Can Draghi man up in front of Trump and EUR/USD diving hard today?
USD Back in the Hole Until the U.S. Data Is Out
After the last FED meeting, the rate hike odds for December jumped more than 20% but last evening, the FOMC minutes were a bit softer than the FOMC statement two weeks ago. These levels of inflation might not be that transitonary according to the minutes.
The Dollar traders didn’t take it too well and they let go some of the USD longs which they had built during the past couple of weeks. As a result, the USD has been sliding lower all day today but right now it seems like the slide might have come to an end.
EUR/USD is sliding lower while GBP/USD has lost more than 100 pips in the last few hours. USD/JPY is also trying to claim back overnight losses, which I explained in the previous forex update. We already opened a buy forex signal in this pair. That signal looks pretty good right now.
The U.S. Unemployment Claims and Producer Inflation up Next
The U.S. unemployment claims will be up in about an hour and this time this report will take extra attention. If you remember, last week the U.S. employment change declined from around 170k in the previous month to -30k.
That huge decline was due to the hurricane season in the U.S., but unemployment claims might be affected as well. It’s for the above reason that any negative number should be taken with a pinch of salt, although such a number would still have a negative impact on the USD, albeit limited.
In that case, I would wait until the climb in GBP/USD is over and then sell this forex pair, probably with a long-term forex signal.
Producer inflation might offer us some decent price action. The comments about inflation in yesterday’s FOMC minutes were the reason for the recent USD decline.
Today, the expectations are for a higher PPI (producer price index) reading, which would help the USD initially. But again, I wouldn’t stick too long on a PPI induced forex trade in either direction, because PPI is not as important as CPI (consumer price index).
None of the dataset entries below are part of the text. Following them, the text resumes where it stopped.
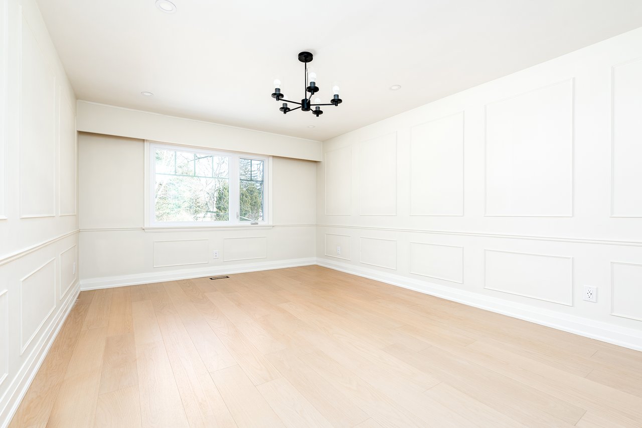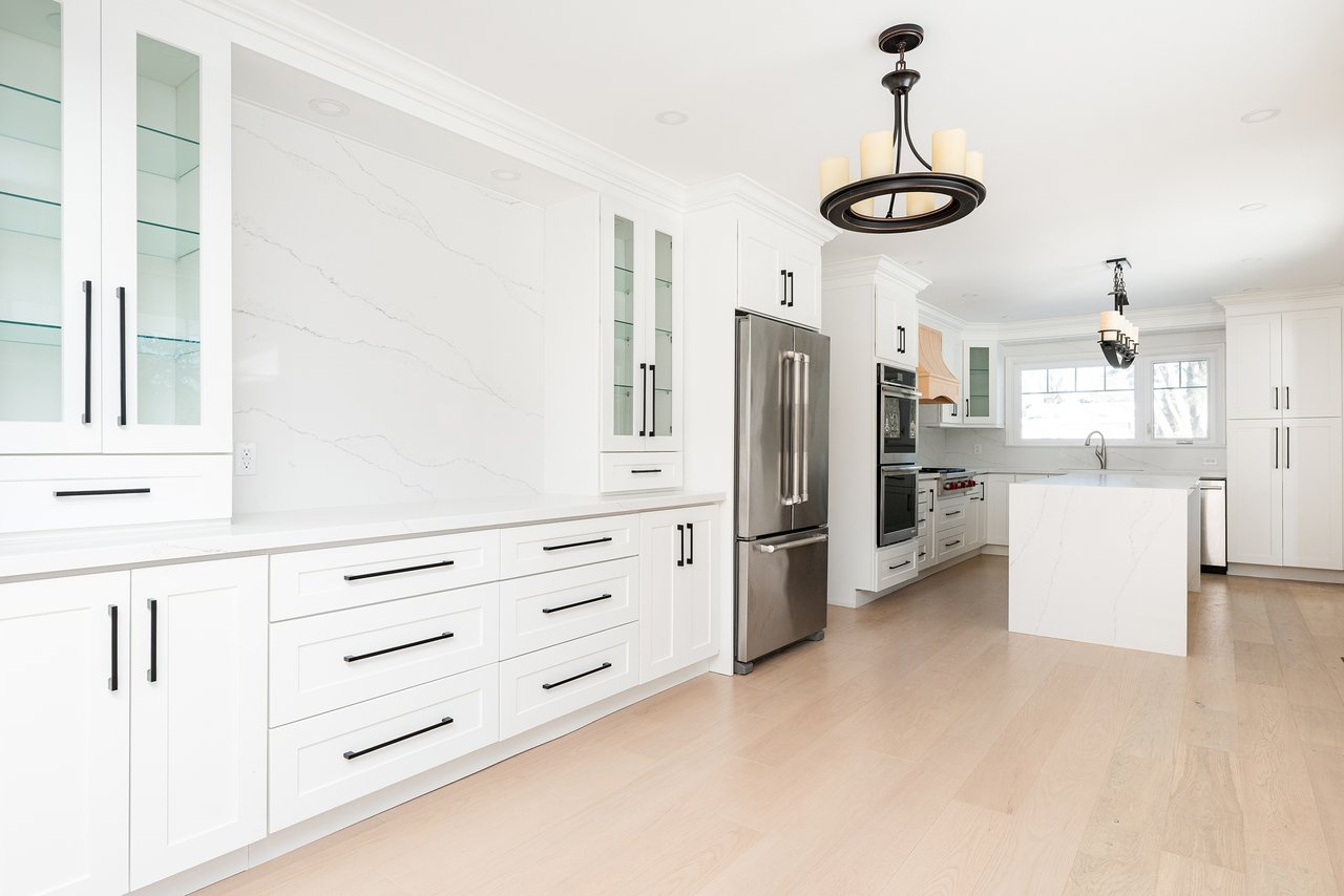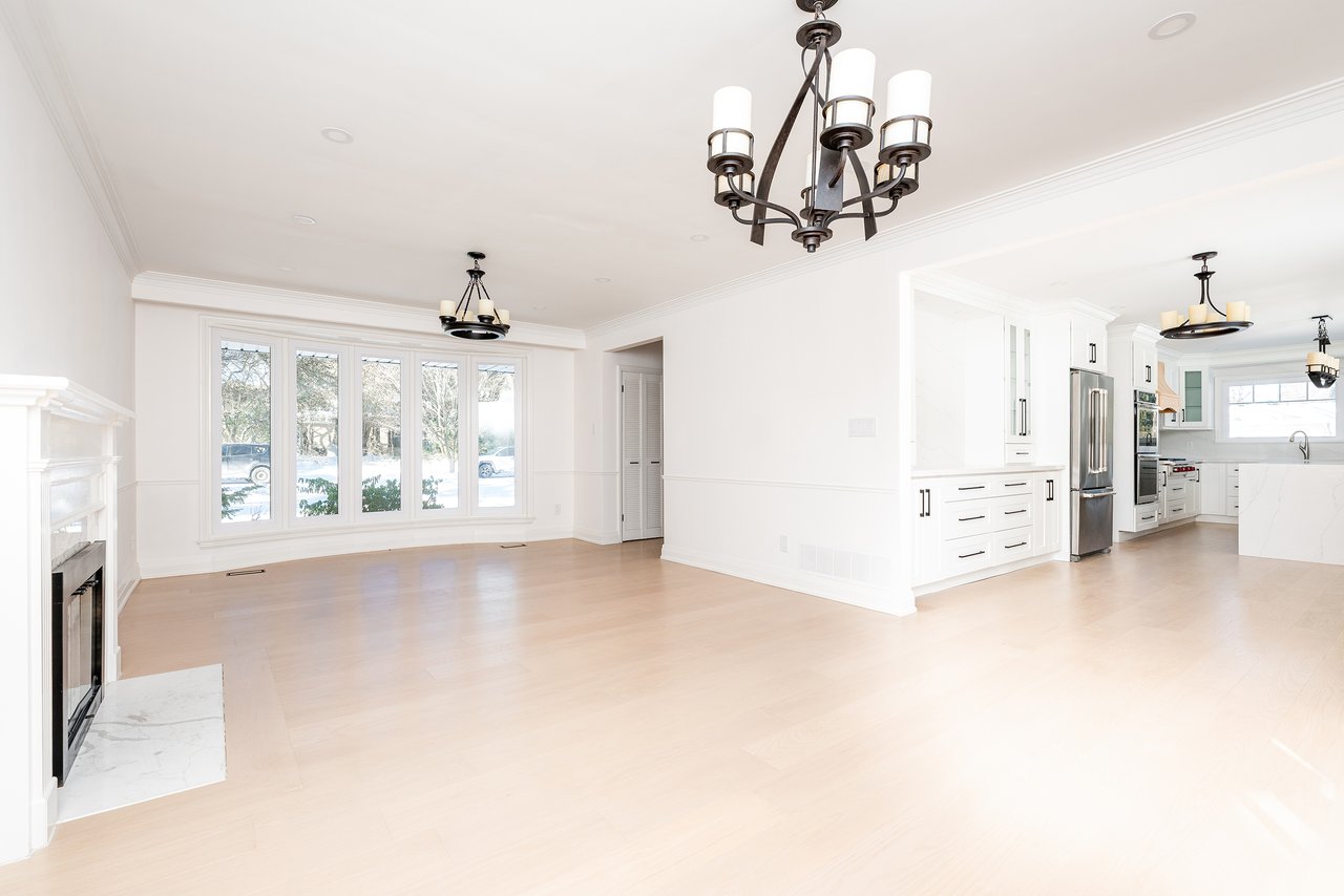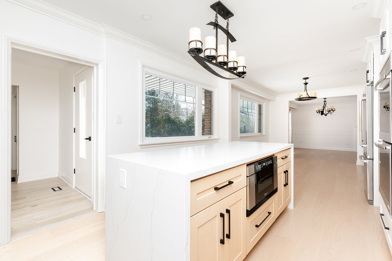 The thoughtfully redesigned main level showcases an elegant open-concept living, dining, and kitchen space, ideal for both refined entertaining and everyday family living, complemented by a private main-floor office. Throughout the home, you’ll find new wide-plank hardwood flooring, custom iron-railing staircases, wainscoting wall paneling, crown moulding, designer baseboards, and pot lighting across all three levels, accented by statement chandeliers and curated lighting fixtures.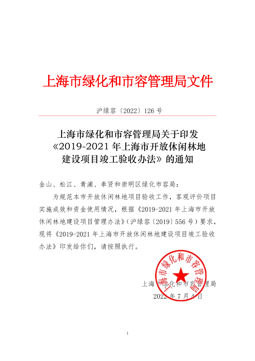为规范本市开放休闲林地项目验收工作,客观评价项目实施成效和资金使用情况,根据《2019-2021年上海市开放休闲林地建设项目管理办法》(沪绿容〔2019〕556号)要求,现将《2019-2021年上海市开放休闲林地建设项目竣工验收办法》印发给你们,请按照执行。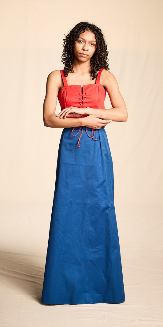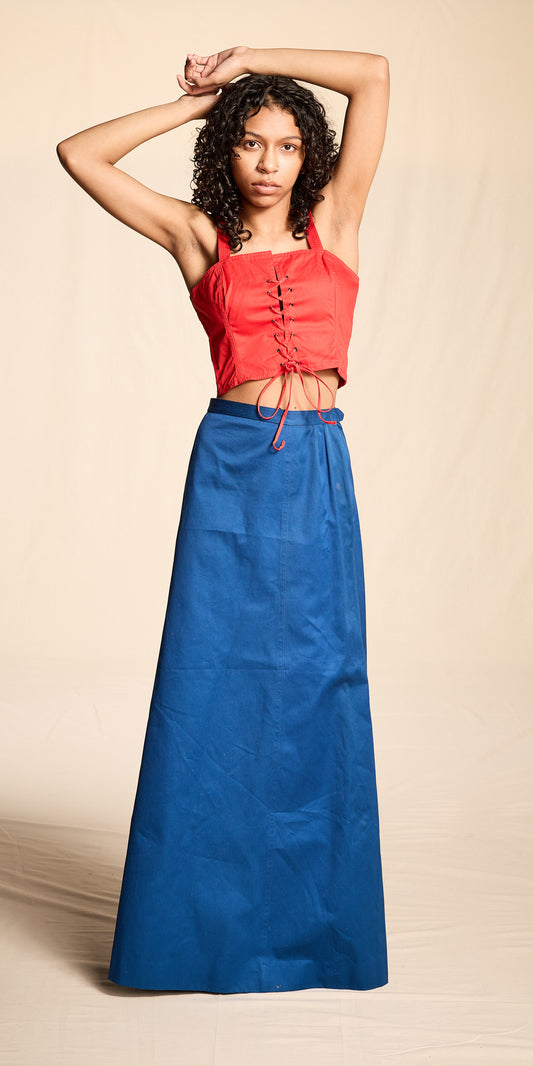 Yves Saint Laurent 1970s Cobalt Cotton Twill Skirt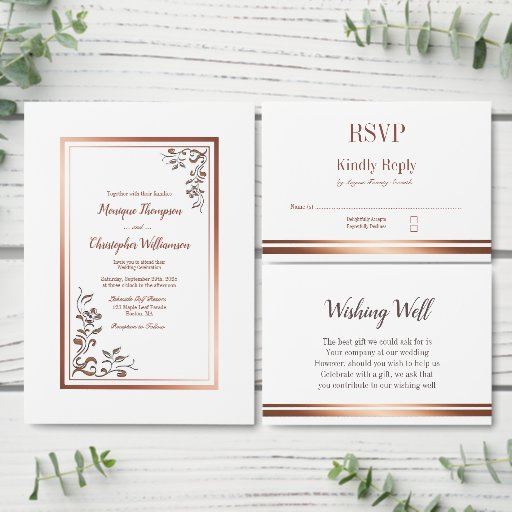 Um elegante menu de casamento branco embelezado por ouro rosa/cobre.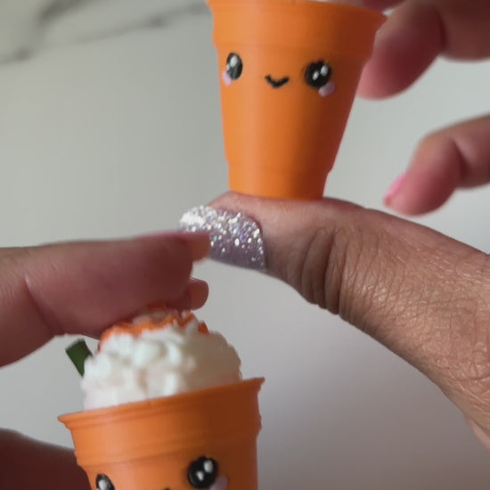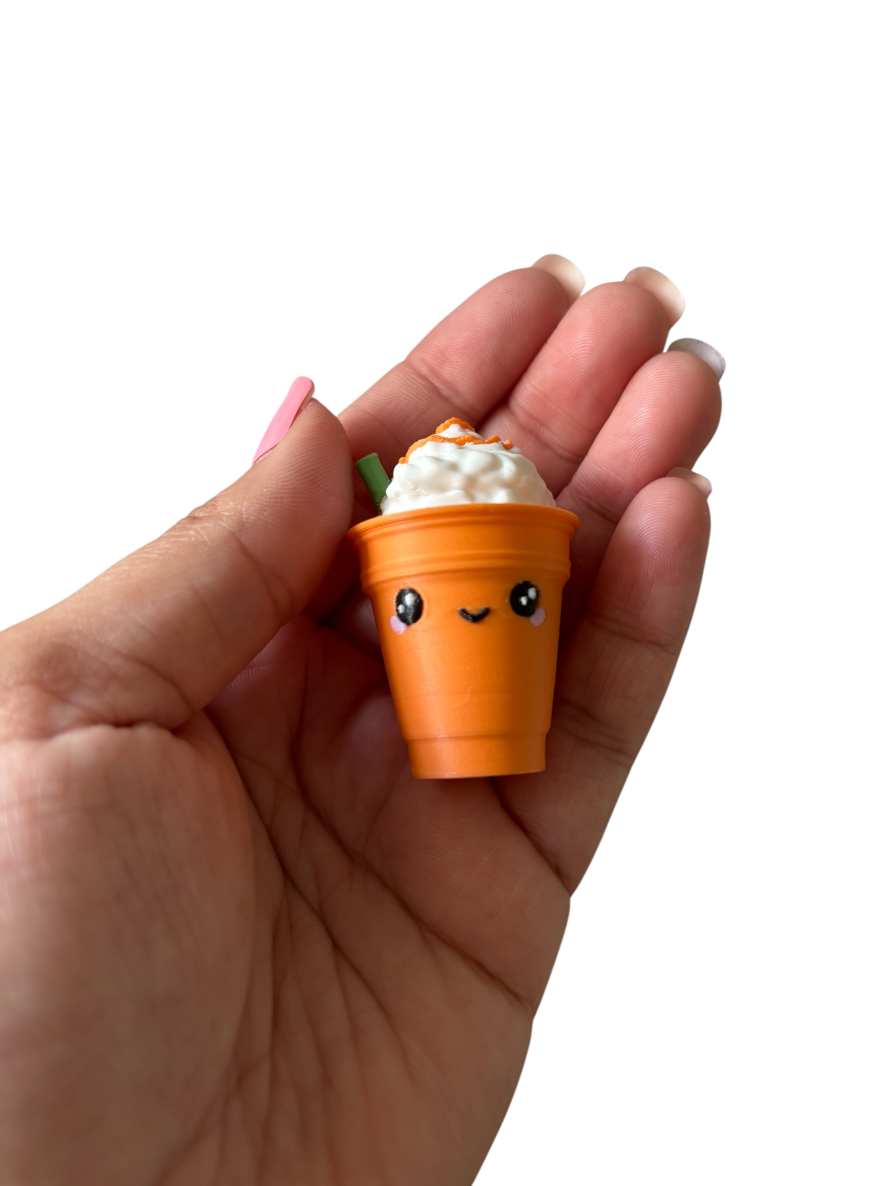 Cozy fall vibes in the palm of your hand! This Pumpkin Spice Frapp Clicky is topped with fluffy whipped cream, a swirl of pumpkin drizzle, and a little green straw for the perfect seasonal touch. With its kawaii face and satisfying clicks, it’s the ultimate stress-relief fidget for autumn lovers.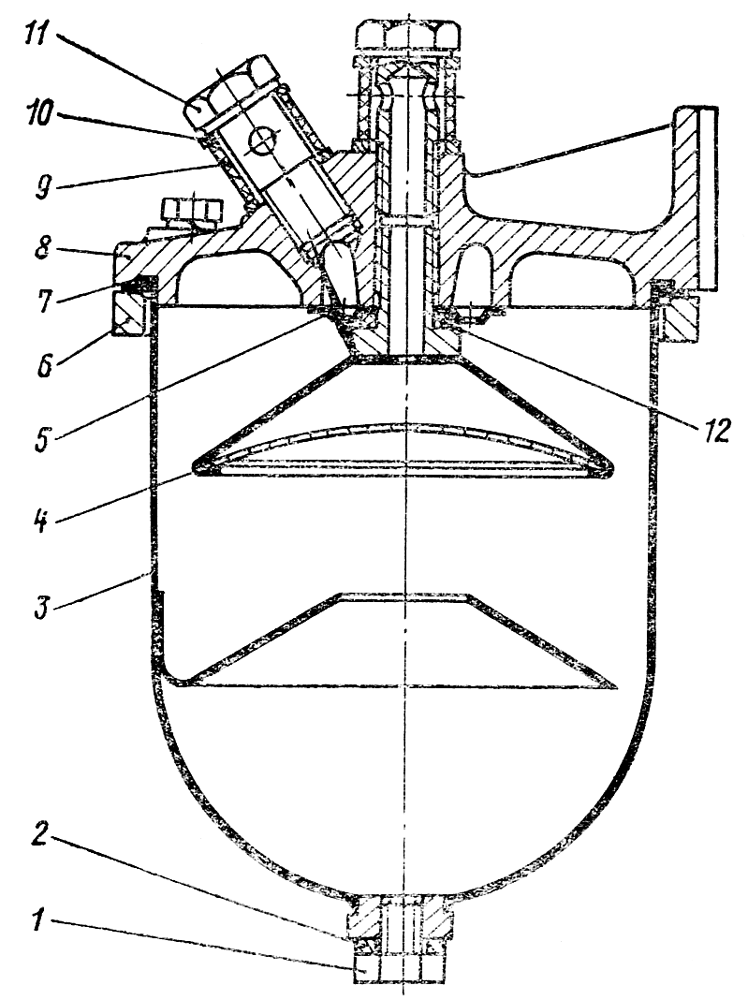 Установите в корпус фильтра 8 распределитель 5 и вверните в резьбовое отверстие отражатель 4 с пружинной шайбой 12. Момент затяжки отражателя 40 Н-м (4 кгс-м).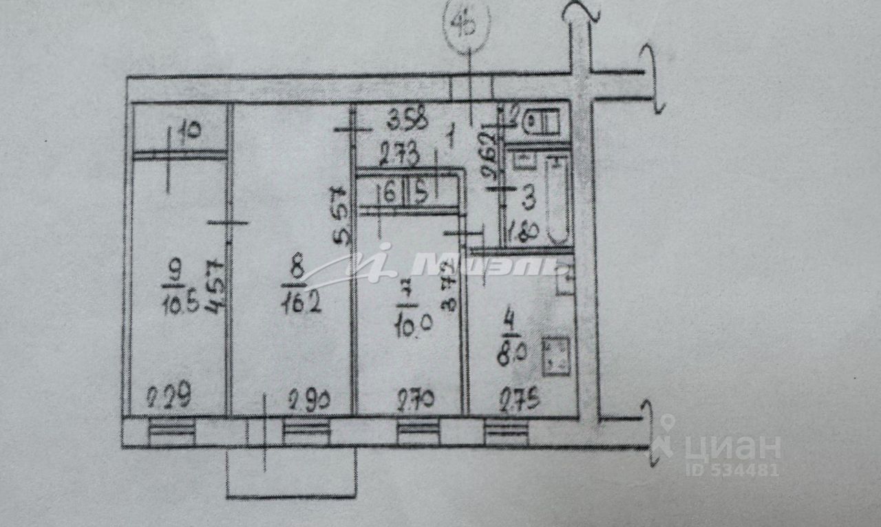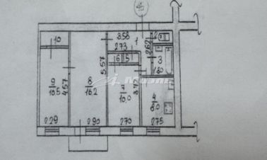 Общая площадь 57.8 кв.м., жилая 36.7 кв.м., кухня 8 кв.м..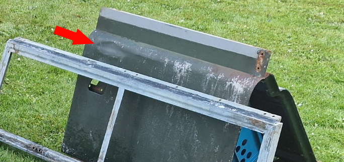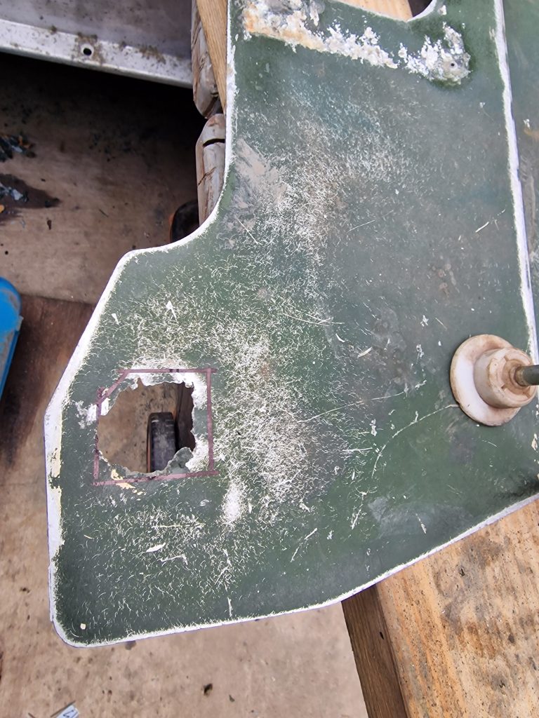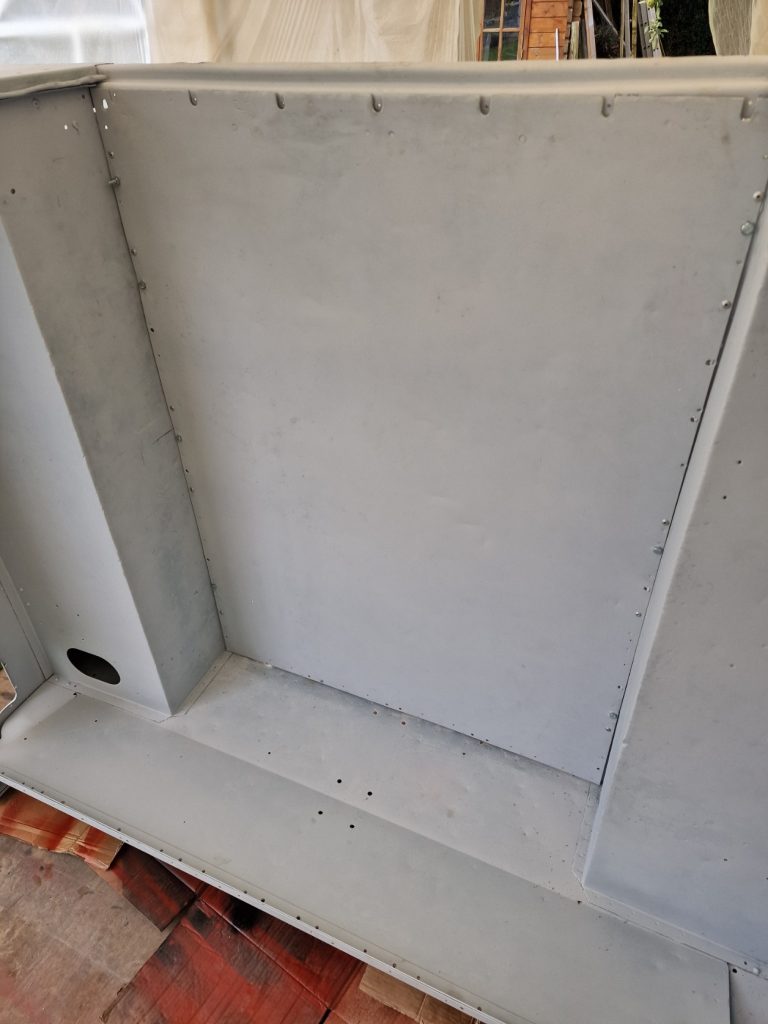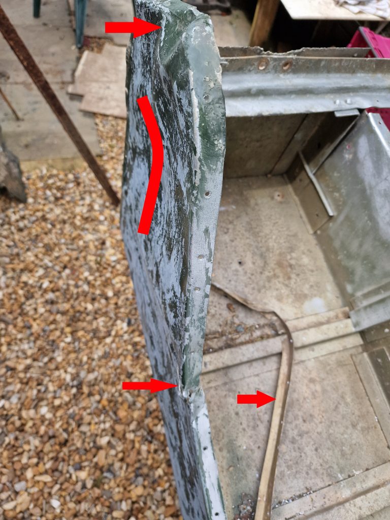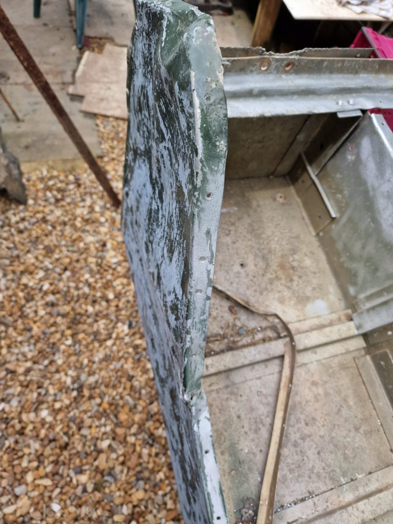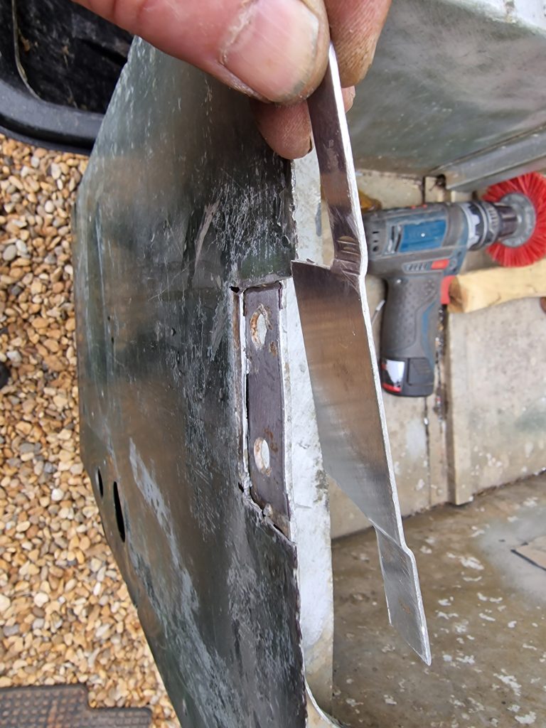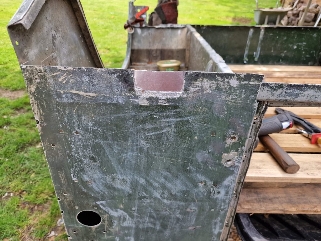 In the top part of the first image, you can see the damage, the bottom half of the image my “suspect” attempt at panel beating. Its along way from perfect, but it now resembles the shape it should be. The process for PB is not entirely straight forward. The Birmabright work hardens, so the more you work it, the more brittle it becomes, so needs to be annealed often, which means heating it up and allowing it to cool, beat some more and repeat. I could keep going with this but took the view I am more likely to make it worse rather than improve it significantly. The second and third images shows the re-enforcing bit, which had become bent and detached from the panel. This was re-shaped, spot welds drilled out and again, using JB-Weld and countersunk pop rivets re-attached.

Can Mario Draghi Sink the Euro?
The European Central Bank (ECB) president Mario Draghi will hold a conference in Washington DC where he will be talking about monetary policy. He used to be a dove for the Euro and would send the Euro tumbling whenever he opened his mouth.
But this reputation is fading away as the Euro has climbed from 1.03 to 1.20 against the USD during this year. He doesn’t have many reasons to sound bearish, although I’m sure he and his mates at the ECB don’t like the Euro at these levels against the USD.
The Eurozone economy is doing pretty good at the moment and the EU industrial prediction numbers that were published a while ago for August confirm that. So, the only thing he can say that could hurt the Euro is “inflation can’t reach 2% anytime soon, so...” It has become a tough job for him to slap the Euro down recently, but he might pull another rabbit out of his hat. We’ll be watching him though, so stick around.
Trades in Sight
- No progress on Brexit talks
Yes, just one point and it's more than enough. It’s all about Brexit as it has been for the last year and a half. After the bullsh*t from Theresa May and other UK officials this week about strong progress on Brexit talks, the harsh reality hits the GBP today. I will post an update shortly about this though.
The USD has been on the back foot since the release of the FOMC last evening. Although, the U.S. unemployment claims and PPI might change the situation later today. So, we’ll be glued to the monitor to see how the market reacts to the economic numbers.